Любовь от гроба - страница 111

Шрифт
Интервал


Он хотел было идти, но Има удержала его.

— Зачем ты мне рассказал? — спросила она.

Она ничего не понимала. Ей казалось, что она сейчас расплачется. Потому что… она думала, это все старшая горничная. Это старшая горничная предательница, это она написала письмо, это из-за нее плакала госпожа, это все…

…Янг.

Янг так легко и просто подставил и учителя, и мачеху. И улыбается теперь. Чистой и невинной ангельской улыбкой мальчика, которому идет белый бант на шее.

— Я не хотел быть один, — просто ответил Янг, — хотя ты можешь сдать меня, имеешь право. Это уже ничего не изменит, только испортит. И я все равно признаюсь… потом. Но… Твое решение.

— Вы же понимаете, юный господин…

— Определись уже. Янг, юный господин, вы, ты… Мы или только я? Беги, у тебя еще есть шанс все рассказать!..

Има замерла.

— Я… не могу.

— Значит, ты моя сообщница.

Янг осмотрел ее критически, хмыкнул.

— Идем. Посмотришь, как я умею.

И подмигнул.

И Име нечего было возразить.

И Има сделала все, что могла. Она пошла смотреть.
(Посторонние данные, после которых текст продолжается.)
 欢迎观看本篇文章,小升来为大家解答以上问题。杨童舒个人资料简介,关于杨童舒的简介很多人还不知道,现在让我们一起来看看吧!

Чтобы Янг больше не был один.

Потому что демоны знают, в какую компанию он в следующий раз влезет с одиночества.

Оказавшись в цветущей степи, первым делом Янг придумал себе блюдечко с манговым пудингом.

Пудинг дрожал в блюдечке. Успокоительное.

Вкусное.

Ненастоящее.

Хоть так.

Осознанное сновидение ради пудинга. Да уж. Из пушки по воробьям.
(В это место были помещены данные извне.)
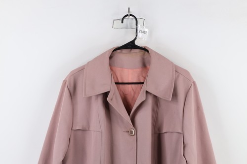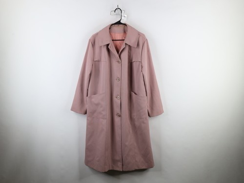 Vintage 70s Union Made Womens XL Distressed Button Trench Coat Jacket Pink USA

Если повезет, хоть получится съесть его в одиночестве, споко...

— Что ты с собой сделал? — устало спросил Дуду.

Ещё мгновение назад его не было — и вот он, Дуду, сидит на плоском черном камне, невесть как появившемся среди бескрайней степи.
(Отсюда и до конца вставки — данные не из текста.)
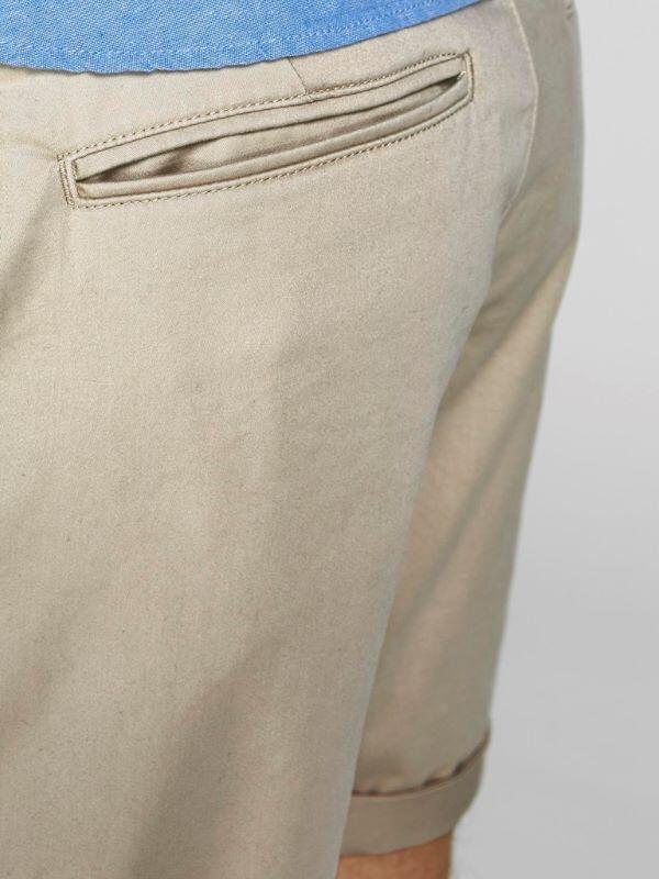 Lys sand chino shorts fra Jack & Jones. Shortsene er en blanding mellem en formel og en afslappet 5-lomme-stil. Der er to baglommer og tre lommer foran.

Салатовая рубашка в ядовитых листьях стрелолиста, зеленый фрак, расшитый длинноклювыми куликами, стрелки на болотного цвета брюках, об которые можно порезаться, ботинки, в которые можно смотреться... Янг заставил себя поднять голову. Поздно стыдиться.

У Чайду, как всегда, даже слишком смазливое для мужчины лицо, светлые волосы, небрежно заколотые гребешком в россыпи речного жемчуга.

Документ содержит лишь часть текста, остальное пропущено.